MOUNT PLEASANT -- With handgun drawn and aimed, officer Joe Zeitner shouts commands at the driver and passenger of a Ford Escape.
"Show me your hands! Let me see your hands!" Zeitner yells.
He has backup from officers A.J. Santos and Chris Fieldings.
Zeitner's relatively peaceful overnight patrol for drunken driving suddenly has become a high-adrenaline "felony stop" of auto burglary suspects.
Responding to the officers' instructions, the men hang their arms out windows. The passenger, a black man with dreadlocks, exits the car with hands raised, backs slowly toward police and gets on his knees. After he is safely cuffed, the same thing happens for the other suspect, who is white and clean-cut looking.

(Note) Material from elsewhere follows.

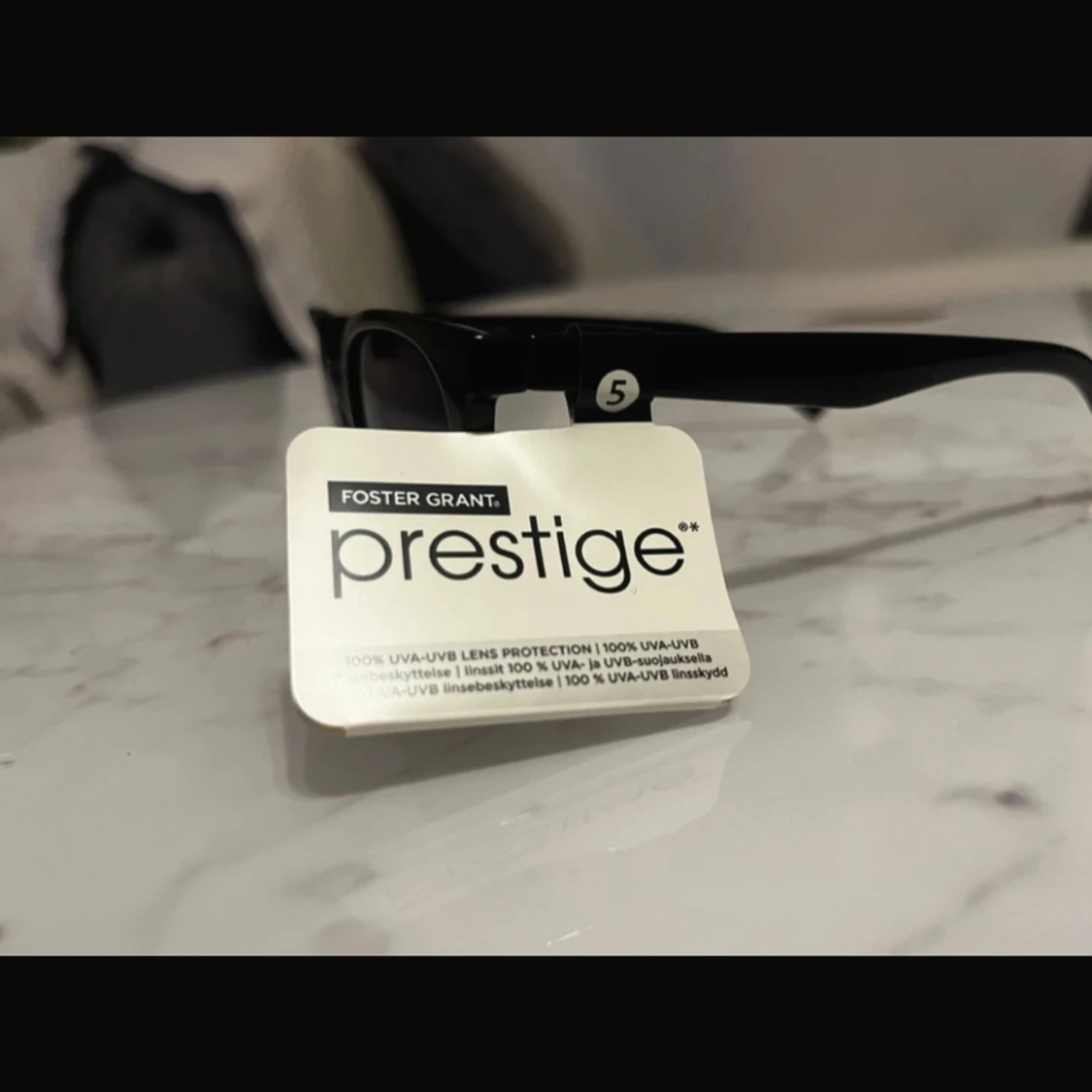 Snygga svarta solglasögon från Foster Grant med en klassisk design. De har en lätt oversized passform och mörka linser som ger 100% UVA/UVB-skydd. Perfekta för soliga dagar!

Zeitner briskly approaches the car with his gun raised for protection and peers inside. Satisfied that the vehicle is empty, he puts away his weapon.
A felony stop is rare for Zeitner, who with Santos patrols overnight looking for drivers who are impaired because of alcohol, drugs or both.
The town is a state leader for DUI arrests. Last year, it took 437 people to jail for drinking and driving, a
12 percent increase over the previous year.
But as aggressive as the town is in arresting drunken drivers, it also has been criticized in the past for failing to have enough dashboard cameras that would help ensure their cases stand up in court.
'Safety of our citizens'
Zeitner said police have made about 200 impaired driving arrests this year. Another one happened about 30 minutes after the felony stop when Zeitner and Santos administer a sobriety test to an 18-year-old man who was reported to be weaving in traffic.
The DUI suspect has problems walking a straight line for Santos. Zeitner shines a light in the man's eyes, but his pupils remain dilated. A digital camera in a patrol car videotapes the officers and the suspect. Based on their observations, Santos and Zeitner decide to arrest the driver about 12:30 a.m.
From 1998 to 2008, Mount Pleasant had 2,796 DUI arrests, the most of any municipality in the state. So far this year, police have made about 200 DUI arrests, he said.
"One of our major goals is the safety of our citizens," said Police Chief Harry Sewell.
The majority of driving fatalities involve drinking, he said.
The state Department of Public Safety this month recognized the town police department as Agency of the Year for DUI arrests and education.
Sewell said DUI arrests have been made as early in the day as 10 a.m.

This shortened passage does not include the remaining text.